Writing out the first terms explicitly, it is already telescoping, albeit a bit staggered: $$\frac{1}{1}-\frac{3}{5}+\frac{2}{3}-\frac{4}{7}+\frac{3}{5}-\frac{5}{9}+\frac{4}{7}-\frac{6}{11} + ...$$ It looks like $1+\frac{2}{3} = \frac{5}{3}$ is the answer. I suspect that if one of the terms is index shifted by one, the relation would be much more obvious: $$\frac{1}{1}+\frac{2}{3}+\sum_{n=3}^{\infty} \frac{n}{2n-1}-\sum_{n=1}^{\infty}\frac{n+2}{2n+3} = $$ $$\frac{5}{3}+\sum_{k=1}^{\infty}\frac{k+2-2}{2(k+2)+3} -\sum_{n=1}^{\infty}\frac{n+2}{2n+3} $$ EDIT Well, as was pointed out, I was wrong, because the limit terms as the series goes to infinity equal -1. Just goes to show, $\infty - \infty$ can equal anything, so avoid that form when possible. It's really easy to make an answer that looks right, much harder to make it airtight. Kudos to @jjagmath.

Answer 3

We have \begin{align} &\sum _{n=1}^m \left(\frac{n}{2 n-1}-\frac{n+2}{2 (n+2)-1}\right)=\sum _{n=1}^m \frac{n}{2 n-1}-\sum _{n=1}^m \frac{n+2}{2 (n+2)-1}\\ &=\sum_{n=1}^m \frac{n}{2 n-1}-\sum _{n=3}^{m+2} \frac{n}{2 n-1}\\ &=\frac{1}{2\cdot 1-1}+\frac{2}{2\cdot 2-1}+\sum _{n=3}^m \frac{n}{2 n-1}-\sum _{n=3}^m \frac{n}{2 n-1}-\frac{m+1}{2 (m+1)-1}-\frac{m+2}{2 (m+2)-1}\\ &=1+\frac{2}{3}-\frac{m+1}{2 (m+1)-1}-\frac{m+2}{2 (m+2)-1}\end{align}

Taking the limit when $m \to \infty$ we have \begin{align} &\sum _{n=1}^\infty \left(\frac{n}{2 n-1}-\frac{n+2}{2 (n+2)-1}\right) \\&= \lim_{m\to\infty}\left( 1+\frac{2}{3}-\frac{m+1}{2 (m+1)-1}-\frac{m+2}{2 (m+2)-1}\right)\\ &= 1+\frac{2}{3}-\frac{1}{2}-\frac{1}{2} = \frac{2}{3}\end{align}

The others answer don't take into account that the "remainder" terms after "telescoping" doesn't tends to $0$.

Answer 4

There is no need of partial fractions since $$\frac{n}{2n-1}=\frac{n-\frac 12+\frac 12}{2n-1}=\frac 12+\frac 1{2(2n-1)}$$ $$\frac{n+2}{2n+3}=\frac{n+\frac 32+\frac 12}{2n+3}=\frac 12+\frac 1{2(2n+3)}$$ $$\frac{n}{2n-1}-\frac{n+2}{2n+3}=\frac 1{2(2n-1)}-\frac 1{2(2n+3)}$$

Answer 5

It becomes easier if you generalise the problem: You are calculating the sum of f(n) - f(n+2), where f(n) = n / (2n-1).
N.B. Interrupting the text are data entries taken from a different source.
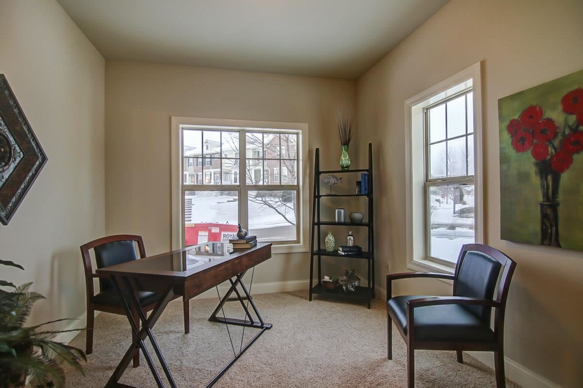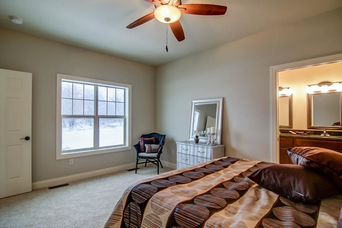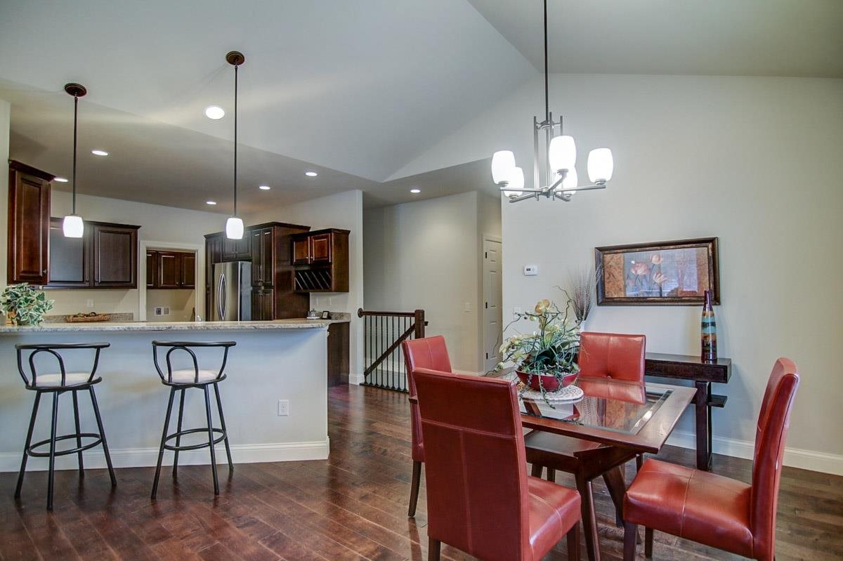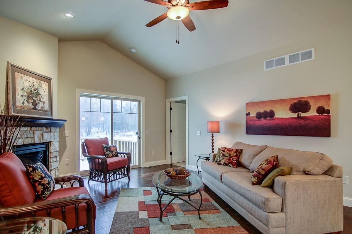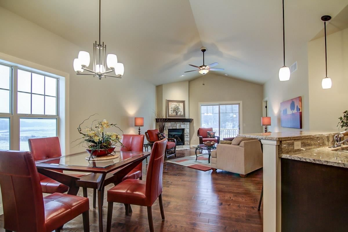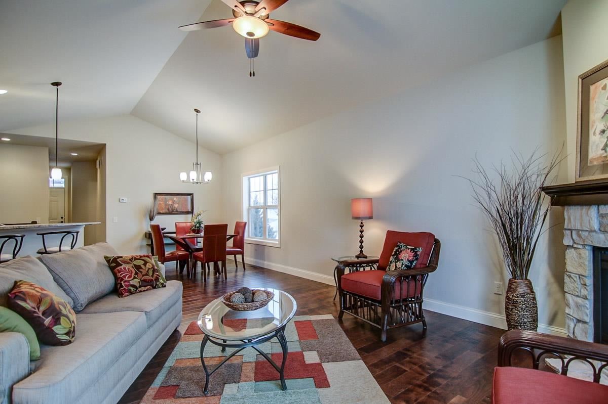 Just completed ranch twin home with new floor plan! Wood floors most of main level, vaulted ceiling in greatrm w/stone gas fp, all open to kitchen w/pantries, breakfast bar, granite tops and stainless appl. Wonderful laundry off garage with storage. Owner’s suite features double vanity in private bath and nice size walk in closet. Den or 2nd bedrm on main level. Walk out lower level for future expansion includes bath rough in. Watch wildlife off your deck overlooking green space.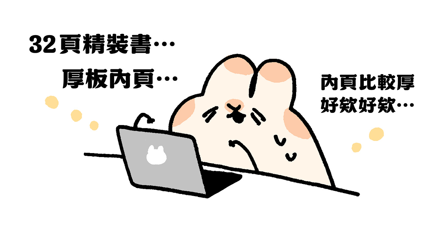 我找了最常用的網路印刷服務,看看規格,選了精裝、正方形、32 頁,還有內頁比較厚的版本,想說厚一點的內頁比較有質感,完美!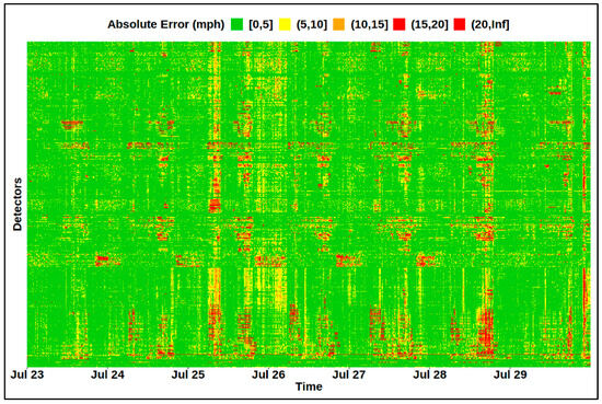 Taking CR = 16 with the proposed weighted average method as an example, Figure 6 depicts the absolute error of the original matrix and inferred matrix for the testing period (23 July 2023, to 29 July 2023). The horizontal axis represents the dates and the vertical axis is the detectors. There are 31 links selected, and the PRD = 9.5%. The absolute error is less than 10 mph for 94% of time and detectors. Some recurring patterns can be found, probably due to the recurring peak-hour congestion at some detector links.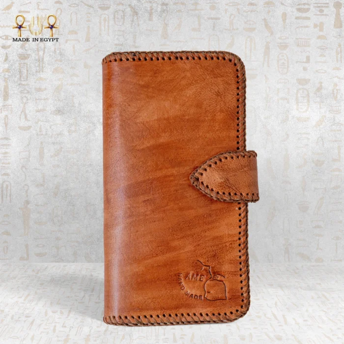 بالإضافة إلى ذلك، يشعر الغلاف الخارجي بالنعومة والمتانة بفضل الجلد الطبيعي. مع مرور الوقت، يكتسب الجلد باتينا غنية تعزز من شخصيته. تبرز الحواف المخيطة يدويًا الجودة الاستثنائية، تكريمًا لإرث مصر الطويل في صناعة الجلود.

The partial sums for the sum up to k are f(1)-f(3) when k=1, f(1)+f(2)-f(3)-f(4) = f(1)+f(2)-f(k+1)-f(k+2) when k=2, and from then on the partial sum is f(1)+f(2)-f(k+1)-f(k+2) for all k.

In this case, since f(k+1) and f(k+2) both converge towards 1/2, the limit is f(1)+f(2)-1 = 1+2/3-1 = 2/3. The same method will always work if f(k+1)+f(k+2) has a limit, and otherwise the sum doesn’t converge.